Mayor Stephanie Rawlings-Blake's administration is challenging U.S. census numbers that show Baltimore is shrinking, arguing the city actually has 30,000 more residents than reported.
If the city wins its challenge — in which it argues that census workers missed counting 15,635 housing units — it means Baltimore's population has held steady since 2000, not dropped significantly. And that could mean the city would receive $87 million more in federal funding, city planning officials said.
Baltimore's effort comes as the mayor is waging a campaign to reverse decades of population loss and attract 10,000 families in the next decade.
Thomas J. Stosur, the city's planning director, said it's "very uncommon" for federal officials to acknowledge substantial changes to their count, but said he was "cautiously optimistic" about the appeal.
"We've had consistent success in the past challenging some of the annual estimates," he said. "We're hoping we've built up some credibility. We're hoping for the best with this mission."
Census officials did not respond to a request for comment.
The city's demographer, Travis Pate, said the challenge is based on an analysis of housing data that was reviewed by the Abell Foundation and the Baltimore Neighborhood Collaborative. The two groups cross-referenced data and walked around the city checking residences, he said.

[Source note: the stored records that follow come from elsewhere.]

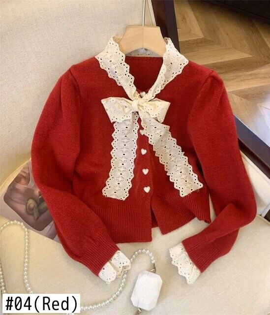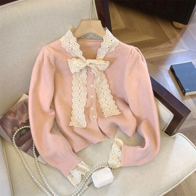 レースリボンクロップドカーディガンプルニットピンクセーターセーターデスタイルスリムトップス長袖ジャケット春秋 ロング スプリング 春物 オータム 秋物
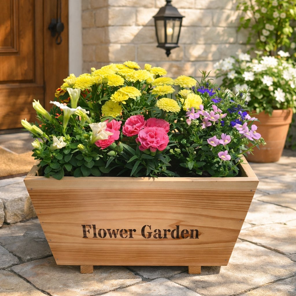 季節の寄せ植え ハンドメイドウッドポット(長方形) 国産杉使用6〜7種類のお花で構成 鉢植え ラッピング不可 ギフトメッセージOK
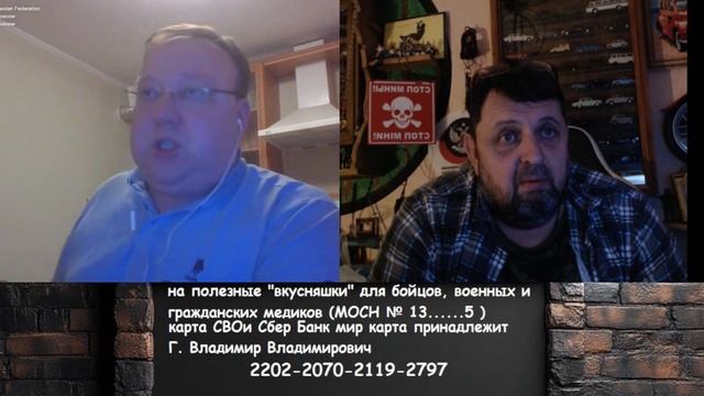 на полезные "вкусняшки" для бойцов, военных и гражданских медиков (МОСН № 13......5 ) : карта СВОи Сбер Банк мир карта принадлежит Г.Владимир Владимирович 2202 2070 2119 2797 карта ПСБ Банк МИР. карта принадлежит Г.Владимир Владимирович 2200 0303 1063 9290 карта ВТБ Банк МИР Г. Владимир Владимирович 2200 2402 3812 9130 карта Тинькофф принадлежит сыну Г. Никита Владимирович 5536 9100 2609 9012 QWI PAY-PAL WEB MANY- www.donationalerts.com/r/drujinnik Спасибо Яндекс. Дзен zen.yandex.ru/id_drujinnik ВК "Дружинник Бдительный" vk.com/id736176766 Телега t.me/yadrujinnik www.donationalerts.com/r/drujinnik

City officials have filed a formal challenge to the 2010 census numbers and are in the process of working on a challenge to 2011 estimates.
Rawlings-Blake brought up the appeal during a Tuesday morning meeting in Mount Vernon with the Association of Baltimore Area Grantmakers, whom she briefed on her vision to grow the city's population. She noted that Johns Hopkins Hospital had slipped to No. 2 for the first time in the U.S. News & World Report rankings of the nation's hospitals.
"It's the same conversation we had with the census," the mayor said. "I'm like, 'I demand a recount.'"
Baltimore lost about 30,000 residents between 2000 and 2010, going from 651,154 to 620,961, according to the Census Bureau.
In June, the Census Bureau estimated another loss of about 1,500 residents, down to 619,493, at a time when many other big cities, such as Philadelphia, Washington and Atlanta, showed growth.
Baltimore has been losing population since World War II, census data show. Baltimore was the 10th biggest U.S. city in terms of population in 1980, but now ranks 24th. The populations of Boston, Seattle and Denver all surpassed Baltimore's total during the 15-month period covered in the June report. The District of Columbia is 1,500 people shy of overtaking Baltimore in population.
Elizabeth E. Harber, a program officer with the Abell Foundation, said she immediately questioned the census numbers. Similar cities were growing. Baltimore's suburbs were growing. All the time, she saw people moving into city neighborhoods.
"It didn't match up to what we were seeing on the ground," Harber said.
Laurie Latuda, of the Goldseker Foundation, which has studied the city's population trends, agreed.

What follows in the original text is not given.